Гринвальдиада
I
Время поскольку пришло, достойно поведать народу,
в силу чего и когда был явлен божественный Гринвальд,
потрясатель основ и словесности всей наполнитель
грозный во веки веков, прочих превыше наград.
Так ли ОНО или нет, – начало сего же творенья
осуществить предстоит сугубо из тех матерьялов,
что доходят до нас в жутко неподобающем виде, -
так что ответственность вся – ляжет на ком-то другом…
Так в девяностом году двадцатого прошлого века
некий оракул уже огульно вещал о приходе
в литературу Того, Кто изрядно её поколеблет,
но и украсит собой: Гринвальд названье ему.
Он заявил о себе – и сразу же, впав в исступленье,
за обладание им заспорили семь институтов,
полагая за счет его втиснуться в книгу рекордов
Гиннеса. Сам же талант - выбрал обычный филфак.
Взялся он сразу за труд, коль с Музой своей Марианной
только и было – творить; затем – да пребудет нетленно
что пронзит бытие до предельных его оснований;
Время покуда над ним будет вершить свою власть.
Как сладкозвучный Орфей, серебряных струн чуть коснувшись,
робкую ноту извлёк, - вот так и божественный Гринвальд
спровоцировал в кронах волнующий хор соловьиный;
вторил ему звонкий ключ, и расцветал гиацинт.
Так уж у нас повелось, что орды завистников злобных
тут уже спать не могли целительным сном безмятежным,
но, кипя чёрной кровью, цедили свой яд на бумагу,
после с чем было нельзя даже сходить в туалет.
(Помню застой: дефицит простой туалетной бумаги,
душу что так оскорблял; тогда же нам всем приходилось,
как бы в пику ему, обходиться трудами марксизма.
Стало быть, нами вот так был и усвоен марксизм.)
Вышнею волей Богов был Гринвальд по осени призван
в помощь совхозу на сбор культуры фаллической формы,
огурцом называемой в простонародье; она же
будет и впредь означать вещую силу творца.
Взялся он сразу за труд, коль с Музой своей Марианной
только и было – творить.

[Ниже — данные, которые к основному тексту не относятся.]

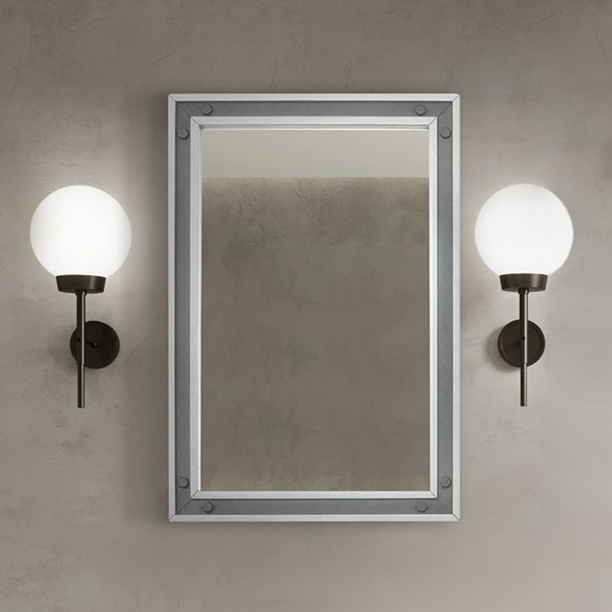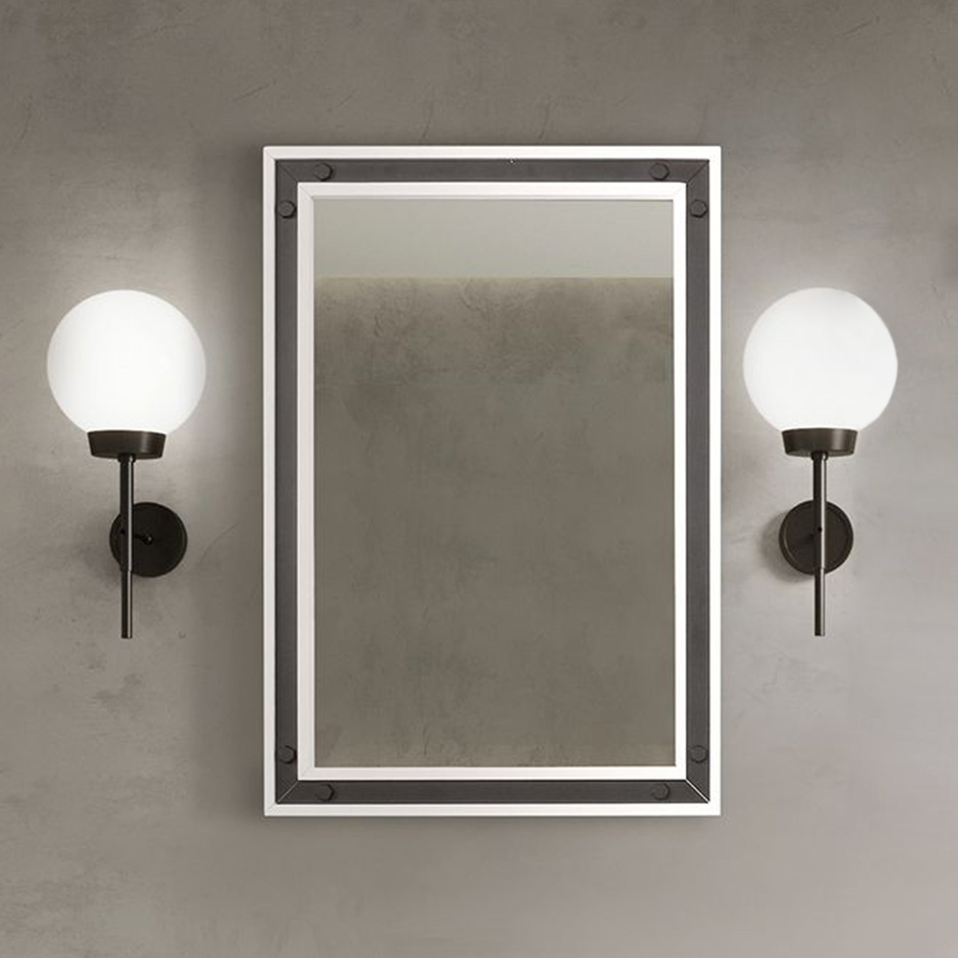 - Dark Grey finish framed mirror with black metal inlay exhibits a rustic appearance

Но бредил во сне огурцами
невероятных размеров и думал: «Вот если б способность
стала с утра такова – эпоса б не избежать!»
Платья на бедрах задрав, слетались десятки поклонниц,
пляской и пеньем вполне и зренье, и слух услаждая.
И божественный Гринвальд хвалы возносил Дионису,
не забывая при том собственных веских заслуг.
Муза была среди нимф; она же являлась экспертом
творчества, коего нет без некоторых стимуляций
воображенья творца, кем и был наш божественный Гринвальд –
гений, венец всех трудов, прочих превыше наград.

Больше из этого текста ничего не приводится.